Whew, I am a bit late to greet you guys’ happy new year but its batter to be late than never. New year means new beginning, a fresher way to start our life again and learn from our mistakes. Before I’ll post what should I change to myself this 2008 (well I hope I can change them), I am going to list what have a learned last year.
- Love your work. – I am lucky enough to find work that is not that hard yet it gives me a good salary. There is no easy work/task that will be given to you. Challenges were part of it. The harder the task that is assigned to you, the more you gain. Why? Because you will be learning new things. I can say that if only I love my work no matter what happen and no matter how hard that obstacles may come unto me, I can still stand and solve it. After all there is no task that has no solution. After all, programmer’s motto is just like with Globe’s motto before its: Making great things possible.

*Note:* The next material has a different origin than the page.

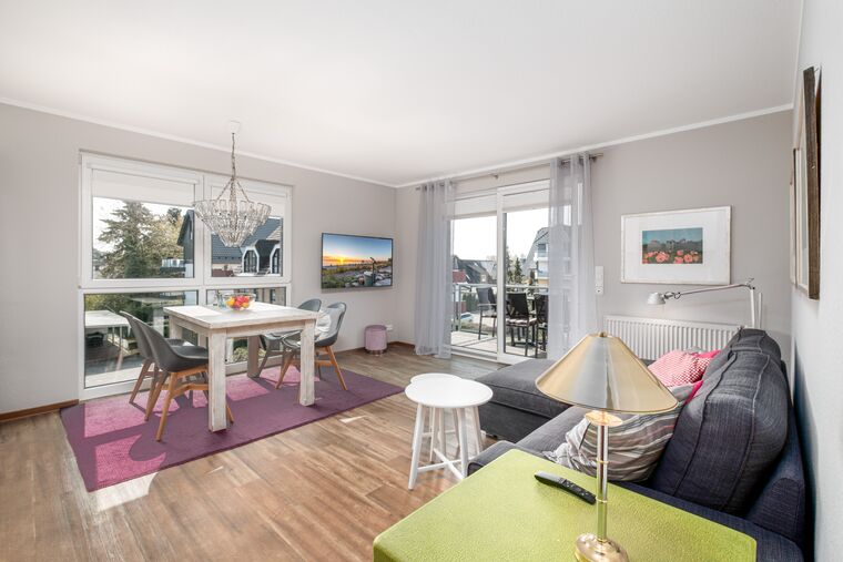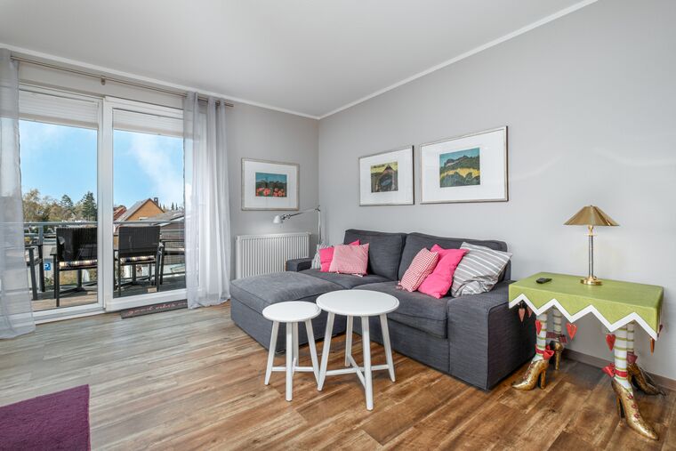 Die zwei Balkone (der größere Balkon in West-Lage mit Zugang vom Wohnzimmer) runden dieses liebevoll eingerichtete Urlaubsdomizil ab.

- Concentrate on your craft. – I can honestly say that for the past 1 year on my work I am not that productive. The programs that I have created have a lot of bugs that makes me look and feel like a lousy programmer. I have done a soul searching with regards to my work and I have found out that it is because I am not concentrating on my work and I am depending too much to my colleagues. Slowly I have change my old habit of not concentrating to my work, I have slowly reduced my Internet surfing habit instead I find time to study some codes and apply then to my programs. Slowly I have tried to depend on myself trying to figure out what is wrong with my codes, and have a keen test on my program. I should ensure that as much as possible bugs were 100% absent to my work. At least I have seen the fruit of my changes. No matter how hard your workload if you only concentrate on that task, you can do it.
- Be frank and always tell what is true. You can’t please everybody. Let’s face it that’s the truth. There are some people who are narrow minded and they only wanted to be understood and not understand others. You are only good to them if you please them and you’re nothing but a trash if they were not pleased. If people judge you because you have told them what is the truth then it is not your fault. It may hurt you but it is better to be hurt emotionally rather than by your conscience. You know what is the truth and even though you’re the only one who is kept on telling it just stand with it for time will come the truth will set you free.

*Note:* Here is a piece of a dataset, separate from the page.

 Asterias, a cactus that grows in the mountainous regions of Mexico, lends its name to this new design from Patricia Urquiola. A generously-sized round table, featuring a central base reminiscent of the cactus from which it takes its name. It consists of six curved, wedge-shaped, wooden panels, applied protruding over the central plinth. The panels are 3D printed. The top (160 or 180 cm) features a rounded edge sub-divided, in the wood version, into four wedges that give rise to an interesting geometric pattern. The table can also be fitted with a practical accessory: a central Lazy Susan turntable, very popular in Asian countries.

- The word Friendship is SACRED. It is difficult to know who are real people. It maybe in cyber world or in our day-to-day life. Nowadays, people tend to be practical, they go with those people whom they think can understand them and yet when they do not need those people they just throw them like a trash. The word friendship becomes rare. I am happy that I found it to those people around me. In our office I know that I have them not only as friend but also as my second family. They are with me through thick and thin, they protect me whenever I am in need. I know in my heart that we may be apart someday but were still here for each other. I had a hard time to find who are the real people behind those names in cyber world. I can say to everybody that I have found few people who are real. They do not look at me as a member but they treat me like their sister. They respect my opinion even it is opposite of what they have. They listen to my explanation and they do give their sides about a certain topic. I have learned so much from exchanging of views with this people. Lastly, friendship does not mean the one who is tolerating you in what you are doing but the one who corrects you when you have mistakes. They are not hypocrite when it comes to your fault. They say straight to your face your mistakes. You might get hurt but you also learn from there. As you have seen your mistakes, you will realize that you have to work hard to correct your mistakes.

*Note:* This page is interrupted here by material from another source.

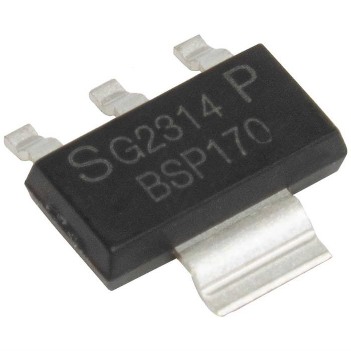 BSP170P P-канальный полевой транзистор для поверхностного монтажа в корпусе SOT-223. Напряжение сток-исток -60 Вольт, максимальный ток стока -3 А. Сопротивление канала в открытом состоянии 15 мОм (при Vgs=-10 В, Id =-0.5 А).

- Trust when lost is difficult to give again. Truth is always there but hidden. There are times that truth is very difficult to find. There are many reasons why you can’t find them. All you have to do is dissect everything, those little bits that you think is not important where the one’s that leads you to truth. The trust that you have given when they make fool of you suddenly broke and I must admit that it is very difficult to give it back again. Even that person plays an important role in you life.
- Blood is thicker than water. When my granddad has his mistress I really got mad to him. Until now, though he took care of me when I was young, my sympathy goes to my grandma who is my real relative. I really hate to see him and it is easy for me to ignore him if his there. Maybe it is because of the hatred I feel for him. I really don’t care about him and it is difficult to bring back the old days. I really had a hard time going to their house again because I really don’t know what can I do if I’ll gonna see him face to face. It does not affect me anymore if he says that I am ungrateful and prodigal granddaughter. I have seen this scene when I was a kid; he kept on saying those words to my Ate. I got used to it and got my emotions prepared so now that time has come that he says those words to me, I just told him “Who is ungrateful between the two of us? Me because I am ignoring you even though you took care of me when I was young or you who was sheltered, take cared, and loved by my grandma and yet you still look for another woman? Don’t you dare say those words to me when in fact it is you all along”. My grandma almost slaps me but she can’t do it because she knows that I am saying the truth. No matter how he takes care of me when I was young it gave him no credits when he hurt my granny.
- Love comes unexpectedly. You really don’t know when love will come knocking in front of you. It is better to wait for that one person rather than rush to be in a relationship.